Фиона поморщилась, боль была такой же острой, как и всегда. Сэцуко вздрогнула.

– Случилось что-то плохое…

– Эви рассказала всем в школе о том, что я сделала и что Гейб меня отверг… Это было ужасно… Все надо мной смеялись… Пара учителей отнеслись к этому крайне неодобрительно. И в течение нескольких недель я старалась никому не показываться на глаза, надеясь, что все пройдет, но потом, в конце семестра, на ежегодном шоу талантов, Эви с парой других девушек исполнила ту самую песню «Аббы». На этот раз все в школе узнали.

– Ужасно… – Сэцуко положила прохладную ладонь на ее руку.

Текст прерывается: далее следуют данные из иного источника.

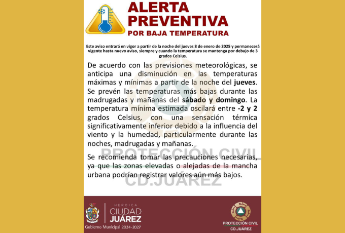 La Dirección General de Protección Civil emitió una alerta preventiva por bajas temperaturas para Ciudad Juárez, la cual entrará en vigor a partir de la noche del jueves 8 de enero y se mantendrá activa hasta nuevo aviso, siempre y cuando las temperaturas se mantengan por debajo de los 3 grados Celsius.
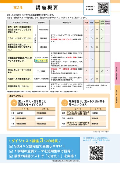高1生講座概要高2生講座概要学習したい内容からおすすめの講座種類をご案内します。講座名・授業形式および時間割などは、別途時間割冊子もしくはWebサイトでご確認ください。この夏学習したい内容講座種類講座の狙い英語数学国語物理化学日本史世界史学力をレベルアップさせたい方が対象の講座です。自分の学力レベルにピッタリな講座を選べます。河合塾の講座を初めて受講する方におすすめです。1学期の重要テーマを90分×2講で習得できる講座です。最後に確認テストを行い「できた!」を実感できます。*塾生優先申込ではお申し込みになれません。特定のテーマ・分野に絞って学習する講座です。自身の目的に応じて講座を選べます。この夏から対策を行い、大学入学共通テストで高得点をめざす講座です。学習プランナーと学習カウンセリングで決定した内容を、個別指導員が丁寧に指導します。〇〇〇〇〇〇〇〇〇〇〇〇〇〇〇〇〇〇〇〇一部の校舎・教室で設置しています。特別選抜講座難関講座標準講座レベル別講座東大・京大・医学部医学科現役合格をめざして今から対策したいさらにレベルアップしたい苦手科目を克服したい基本事項を理解・定着させたい短期集中で重要ポイントを押さえて学習したいダイジェスト講座強化したいテーマ・分野があるテーマ講座共通テスト対策を始めたい共通テスト対策講座個別指導を受けてみたい個別指導講座※夏期講習を受講するために「テスト」を受ける必要はありません。※校舎・教室によって設置講座が異なります。〈モデルプラン〉高2生講座概要講座を探す・申し込む▶東大・京大・医学部など難関大をめざすCさん理系志望で、夏から入試対策を始めたいDさん1ターム2ターム2ターム3ターム2限(自習室)特別選抜国語2限【ダイジェスト】夏から始める入試対策数学(難関・標準)(自習室)3限特別選抜英語(自習室)3限(自習室)4限特別選抜数学特別選抜化学4限【ダイジェスト】夏から始める入試対策英語(難関・標準)難関物理難関英語ダイジェスト講座3つの特長90分×2講完結で受講しやすい!1学期の重要テーマを短期集中で習得!最後の確認テストで「できた!」を実感!*塾生優先申込ではお申し込みになれません。※プランはイメージです。扱う分野および日程の詳細は、Webサイトからご確認ください▶
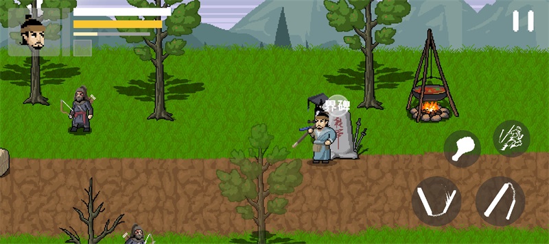 2、融入像素游戏的操作简化设计,通过方向键或点击控制角色移动、跳跃,结合简单的武学技能释放(如轻功、远程攻击),降低操作门槛。

– Мои надежды на то, что все уляжется, не сбылись, девочки сделали только хуже. Я не могла ходить в школу. Меня тошнило каждый день. В конце концов я рассказала обо всем, что произошло, маме, и… она прямо помогла на славу!

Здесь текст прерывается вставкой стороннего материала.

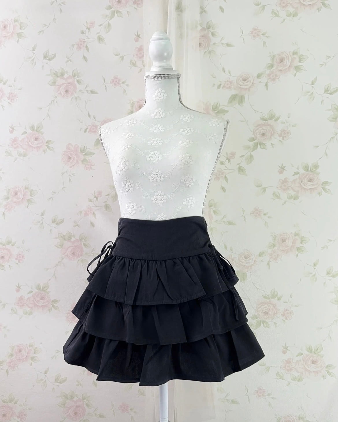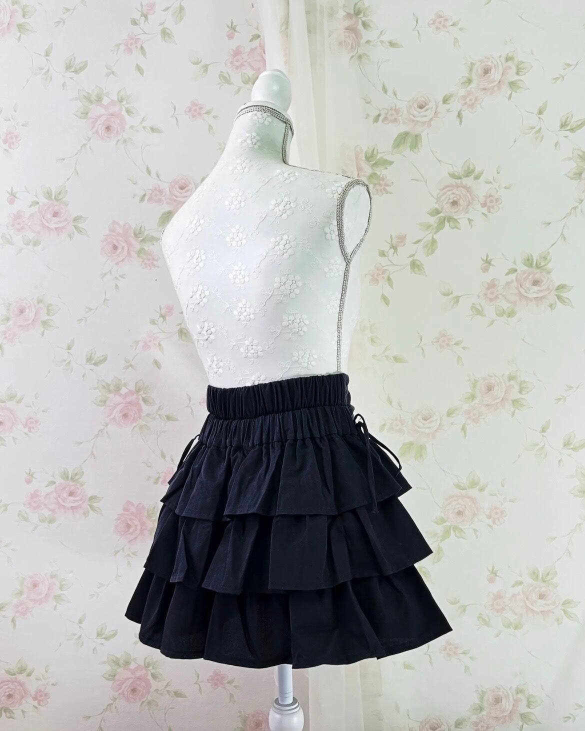 Side Bow Tiered Skirt (Black)
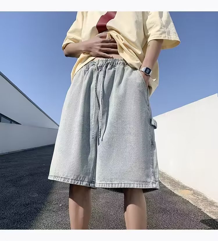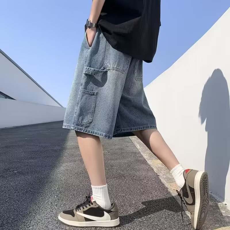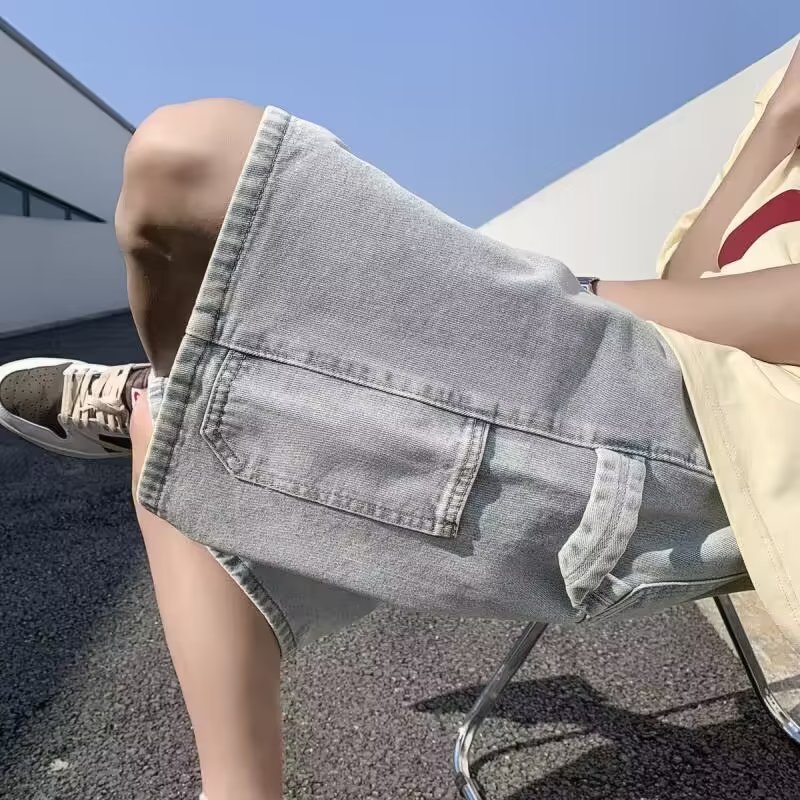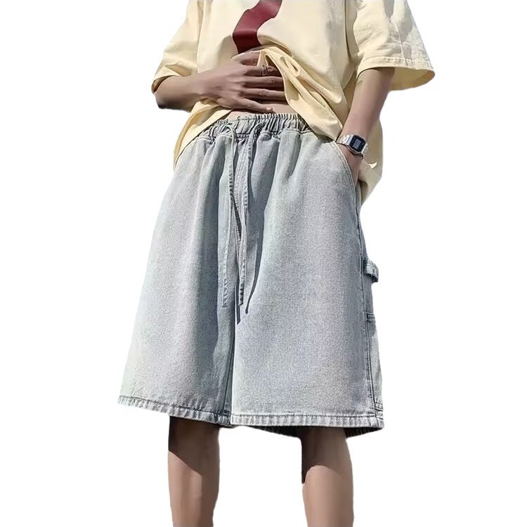 牛仔短裤男夏季高街潮牌新款休闲潮流五分裤宽松大码阔腿裤子

Вот только на самом деле наоборот. Мама превратила все в мелодраму. Подняла шум и сказала, что ее дочь не вернется в эту школу. Она останется дома. И это было худшее, что Фиона могла сделать. Самоизолировалась.

– Я не вернулась к учебе. Не стала сдавать экзамены. Не пыталась поступить в университет. Начала проводить много времени в интернете и вести блог. И… что ж, тоже неплохо, – она пожала плечами; на развитие блога ушло много времени. – А потом, пару лет назад, мои посты начали набирать лайки, и я начала куда-то ходить и знакомиться с людьми в реальной жизни, а не только онлайн. У меня появилось несколько друзей, которые меня вдохновляют и подталкивают что-то делать. Кстати, моя подруга Аврил как раз предложила мне принять участие в конкурсе. И вот я и приехала сюда…

Губы Сэцуко сложились в красивую маленькую букву «о».

– И вы понятия не имели, что встретите Гейба-сана.

– Нет, – сказала Фиона. – Хотя он меня не узнал.

– А вы ему расскажете?

– Боже, нет! Это было бы так неловко.

– Возможно, он был бы польщен.

– Посмотрите на меня. Он общается с такими людьми, как Юми.

– Но внутри она не очень красива, – сказала Сэцуко с неожиданной суровостью. – А у тебя есть то, что мы называем сибуй.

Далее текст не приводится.